Selang setahun dari laporan mengejutkan yang diterima DPR tersebut, Badan Pengawasan Keuangan dan Pembangunan (BPKP) dan Komite KCJB memaparkan perhitungan pembengkakan biaya hanya sebesar US$1,17 miliar atau setara dengan Rp17,55 triliun, hal ini dilakukan tepatnya pada tanggal 9 Maret 2022. Enam bulan setelahnya, yaitu pada bulan September 2022 proyek KCJB ini lagi-lagi diperkirakan mengalami pembengkakan biaya, tepatnya sebesar US$6,071 miliar menjadi US$7,5 miliar atau setara dengan Rp112,5 triliun. Jumlah yang sangat jauh apabila dibandingkan dengan biaya kesepakatan awal.
Pada bulan November 2022, pemerintah melakukan diskusi serius terkait keterlibatan Anggaran Pendapatan dan Belanja Negara (APBN) pada pendanaan pembengkakan biaya proyek KCJB. Berkaca pada Peraturan Presiden (PERPRES) Nomor 107 Tahun 2015, APBN tak seharusnya terlibat dalam pembiayaan proyek KCJB. Tanpa perlu terlibat di dalamnya, kita bisa mengetahui bahwa diskusi ini berjalan alot dan panjang.
Bagaimana tidak? Sedari awal keputusan, proyek ini berjanji untuk tidak melibatkan pemerintah, apalagi mengorek-ngorek APBN. Tak hanya perihal APBN, pemerintah Indonesia juga pada akhirnya turun tangan untuk melakukan negosiasi dengan pihak China Development Bank (CDB) terkait struktur pembiayaan KCJB. Wakil Menteri (Wamen) BUMN II Kartika Wirjoatmodjo mengatakan bahwa melesetnya kalkulasi yang dilakukan oleh China merupakan faktor utama yang menyebabkan terjadi pembengkakan biaya pada proyek KCJB.

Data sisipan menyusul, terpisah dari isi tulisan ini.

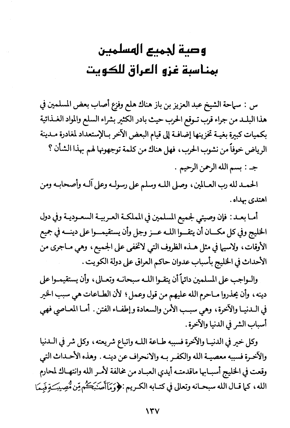 أما بعد: فإن وصيتي لجميع المسلمين في المملكة العربية السعودية، وفي دول الخليج، وفي كل مكان، أن يتقوا الله عز وجل وأن يستقيموا على دينه في جميع الأوقات، ولا سيما في مثل هذه الظروف التي لا تخفى على الجميع، وهي ما جرى من الأحداث في الخليج بأسباب عدوان حاكم العراق على دولة الكويت. والواجب على المسلمين دائما أن يتقوا الله سبحانه وتعالى، وأن يستقيموا على دينه، وأن يحذروا ما حرم الله عليهم من قول وعمل؛ لأن الطاعات هي سبب الخير في الدنيا والاخرة، وهي سبب الأمن والسعادة وإطفاء الفتن.

Bagi Pemerintah Indonesia, proyek kereta cepat ini bukan hanya bentuk peningkatan pembangunan di sektor transportasi, tetapi juga sebagai ajang unjuk gigi bagi Indonesia di kancah Asia Tenggara. Pemerintah Indonesia juga sudah kepalang basah dan tak mungkin membatalkan proyek tersebut, sekalipun ada kendala pada dana. Sehingga, walaupun Presiden Joko Widodo pada awalnya menjamin bahwa proyek ini tidak akan menggunakan APBN barang sepeserpun, mau tak mau hal tersebut sudah tak berlaku lagi sekarang. Hingga bulan Januari 2023, total dana APBN yang akan digunakan demi menutup pembengkakan biaya proyek KCB adalah sebesar Rp7,3 triliun.
Dana tersebut juga telah disetujui oleh pemerintah dan DPR. Fakta tersebut tentu saja membuat publik meradang dan menuai kekecewaan dari berbagai pihak. Bukan hanya terkait pembengkakan biaya, proyek kereta cepat ini dijadwalkan selesai pada tahun 2019, tetapi alih-alih rampung, proyek ini justru diperkirakan baru bisa selesai di tahun 2023.
Tentu sangat mengecewakan jika KCJB yang dinilai sebagai megaproyek, justru molor selama 4 tahun lamanya. Tak berhenti sampai di situ, pada akhirnya publik juga mengungkit ucapan Presiden Joko Widodo yang mengatakan bahwa Pemerintah Indonesia tidak akan memberikan jaminan apapun terhadap proyek KCJB apabila terjadi masalah di kemudian hari, apalagi melibatkan uang rakyat di dalamnya.
Proyek KCJB saat ini menjadi beban baru bagi APBN. Terlebih, keterlibatan dana APBN tak berhenti di situ saja. Pemerintah Indonesia tentu harus berpikir matang-matang agar penetapan pembagian tanggungan pembengkakan biaya KCJB dapat disepakati dengan bijaksana, karena China tak mungkin bersedia menanggung beban proyek itu sendiri. Jika bisa, pasti akan lebih baik apabila jumlah beban yang ditanggung APBN masih bisa diperkecil. Jangan sampai kebijakan-kebijakan dalam proyek ini justru membuat APBN kita semakin terkuras.